Aquel lugar, sin embargo, era completamente diferente al precipicio. En primer lugar estaban las paredes que lo encerraban, mientras que al aire libre tenía más terreno para moverse y actuar como quisiera. Luego, la falsa sensación de seguridad. En el exterior era consciente del peligro y le gustaba. Adentro, se sentía como un idiota por las cosas que hacía afuera. A decir verdad, era así como se sentía la mayor parte del tiempo, pero en la casa la emoción se intensificaba.

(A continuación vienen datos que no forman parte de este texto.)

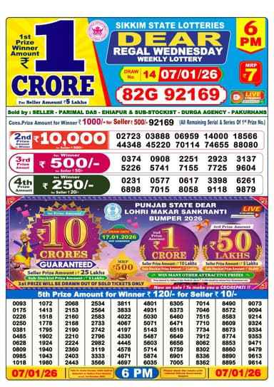 According to the official information provided by the Nagaland State Lotteries, the winning number of Dear Dear Regal Wednesday, the 14th draw held at 6 pm Wednesday, is 82G 92169 the winner of the 1st prize will receive INR 1 crore for a ticket priced at INR 7.

Tal vez se debiera justo a las paredes, que no permitían que ninguno de esos detalles se escapara.

Decidió tomar una ducha con agua caliente para quitarse el frío que llevaba arrastrando. En lugar de resultar relajante, terminó alterándolo más. No podía dejar de pensar en Genevive. Y en el Enzo perdido. Su cabeza alternaba entre esas dos personas como si estuviera jugando en un torneo de tenis de mesa. Tantas idas y vueltas lo dejaron mareado. Salió de la ducha y se vistió.

El espejo de cuerpo completo que colgaba junto a la puerta del baño había quedado empañado. Por rutina, decidió limpiarlo. Y, automática e inevitablemente, miró su reflejo. En otros tiempos, años o incluso algunas semanas atrás, su mirada se habría dirigido inmediatamente al trozo de azul en su pierna que asemejaba una cicatriz. Al verlo probablemente habría sonreído. Probablemente habría podido contemplarla por horas sin despegar la vista. Pero no en esa ocasión.

Sus ojos inmediatamente se encontraron con su propio tormento. La cara, pálida y demacrada, tomó control total de su campo de visión. El chico quiso alejarse de ahí pero sus pies se hallaban magnéticamente atrapados en el suelo del baño. Sin más opción, se miró a sí mismo.

Su rostro había adelgazado considerablemente. Las líneas en las mejillas trazaban surcos profundos y extensos que delineaban un oscuro sendero hacia unos labios asfixiantes y sin color. De tan solo verlos, el aire en sus pulmones fue expulsado por reflejo y quedó sin aire. No era para menos: a cualquiera que lo viera le costaría trabajo respirar. Entre la palidez, la naturaleza del vidrio se asomaba y dejaba entrever un claro color morado en la parte interior, solo visible si él dejaba los labios abiertos.

El sendero de las mejillas tenía una ruta alterna que conducía a la parte superior de la cara. Pasaba reptando por las ojeras, holgadas y pesadas, para desembocar en los ojos. El muchacho de vidrio tuvo que hacer una pausa para fruncir los labios y tomar aire. No podía devolverle la mirada al extraño que lo examinaba desde el espejo. Pero finalmente lo hizo. Y el resultado lo dejó destrozado.